Face à une potentielle censure du gouvernement de Michel Barnier, les débats autour du budget 2025 prennent une tournure alarmante. Selon l’exécutif, le gel du barème de l’impôt sur le revenu, en cas de non-vote, pourrait entraîner une hausse d’impôts pour 17,6 millions de Français. Alors que l’inflation devrait être de 2 % en 2024, l’absence d’indexation de ces barèmes aurait des répercussions directes sur les ménages. Cette menace, agitée par le gouvernement, soulève des interrogations : s’agit-il d’un véritable péril fiscal ou d’un levier de pression politique ?
Résumé en 5 points
- En cas de non-vote du budget 2025, le barème de l’impôt sur le revenu resterait inchangé, ce qui entraînerait une hausse automatique des impôts pour 17,6 millions de foyers.
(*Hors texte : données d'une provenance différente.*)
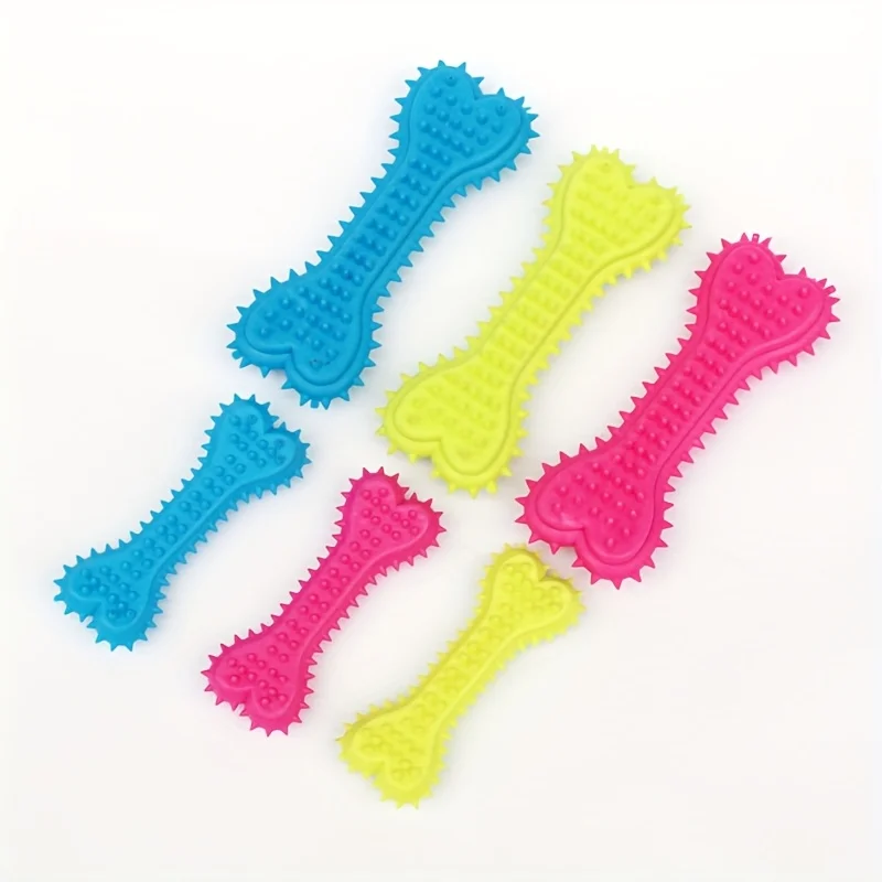 3개 고무 뼈 모양 강아지 장난감, 외계인 강아지 씹기 장난감, 내구성 있는 고무 칫솔 스틱, 휴대하기 쉬움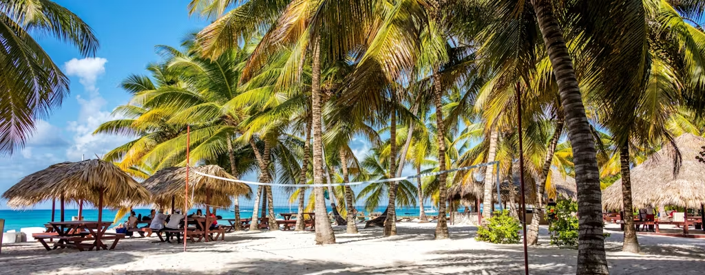 • Rejs łodzią motorową na przepiękną plażę Saony gdzie palmy tworzące kształt serca, wrastające w piasek i kilka metrów dalej wyrastające w górę będą w zasięgu krótkiego spaceru.

- 380 000 contribuables supplémentaires deviendraient imposables en raison de la stagnation des seuils fiscaux malgré l’inflation.
- Cette situation pourrait générer 3 milliards d’euros de recettes fiscales, selon une étude de l’OFCE.
- Le gouvernement pourrait proposer une loi spéciale temporaire pour éviter un vide juridique, avec des ajustements possibles rétroactifs en 2025.
- Cette menace d’augmentation est vue par certains experts comme une stratégie politique pour inciter les oppositions à adopter le budget.
L’absence d’indexation : un piège pour les contribuables
Actuellement, les barèmes de l’impôt sur le revenu sont adaptés chaque année pour tenir compte de l’inflation. Cette mesure permet d’éviter que l’augmentation des salaires ou des revenus ne pousse les contribuables dans des tranches d’imposition plus élevées, sans gain réel de pouvoir d’achat. Dans le projet de budget 2025, le gouvernement avait prévu une revalorisation de 2 % des tranches. Sans ce mécanisme, les seuils resteraient figés au niveau de 2024, piégeant près de 380 000 foyers jusque-là non imposables et augmentant les prélèvements pour des millions d'autres.
Selon l’Observatoire français des conjonctures économiques (OFCE), les recettes fiscales supplémentaires générées par ce gel atteindraient 3 milliards d’euros. En moyenne, un ménage proche du niveau de vie médian perdrait entre 50 et 100 euros par an. Pour les contribuables déjà dans la deuxième ou troisième tranche, l’impact serait encore plus marqué, accentuant l’injustice fiscale perçue.
Un levier temporaire mais légal
En cas de blocage du budget, une loi spéciale transitoire pourrait entrer en vigueur dès janvier, comme le prévoit l’article 45 de la Constitution. Cette loi permettrait de reconduire le budget 2024, gelant ainsi temporairement les barèmes. Toutefois, les spécialistes du droit fiscal, comme Victor Fouquet, rappellent qu’une modification rétroactive est envisageable : l’administration fiscale pourrait corriger la situation au printemps 2025 et, si nécessaire, rembourser les excédents d’impôt via un crédit d’impôt.
Malgré ces assurances, cette solution temporaire ne résout pas tout. Les ménages devront faire face à des prélèvements plus élevés pendant plusieurs mois, avec des conséquences sur leur trésorerie. Cette perspective nourrit la défiance et intensifie la pression sur les parlementaires pour éviter ce scénario.
Une communication gouvernementale sous le feu des critiques
Certains économistes et politiciens dénoncent une stratégie de peur orchestrée par l’exécutif. Évoquer une hausse d’impôts pour 17,6 millions de foyers serait, selon eux, une tentative de faire plier les oppositions. Ce genre de rhétorique n’est pas inédit : en 2012, un gel des barèmes avait déjà poussé près de 940 000 foyers dans l’imposition. Ce précédent nourrit les inquiétudes, mais aussi les critiques à l’égard de la gestion gouvernementale.
Eric Coquerel, président de la commission des finances de l’Assemblée nationale, se veut rassurant : « Un texte budgétaire corrigé pourrait être adopté dès le début de l’année ». Cependant, pour beaucoup, la situation illustre une nouvelle fois les limites de la majorité actuelle et l’impact des blocages politiques sur les Français.
Vers une résolution ou une prolongation de la crise ?
Si les barèmes restent gelés, les contribuables pourraient être nombreux à ressentir une augmentation dès les premiers mois de 2025. Les experts s’accordent toutefois à dire que cette situation est rattrapable, mais qu’elle dépendra de la rapidité avec laquelle une solution politique sera trouvée. En attendant, le spectre d’une pression fiscale accrue reste bien présent, renforçant l’urgence d’un compromis.
Entre réalité fiscale et jeu politique, cette crise budgétaire s’annonce comme un test majeur pour le gouvernement et les citoyens. Le compte à rebours est lancé pour éviter un choc fiscal inédit.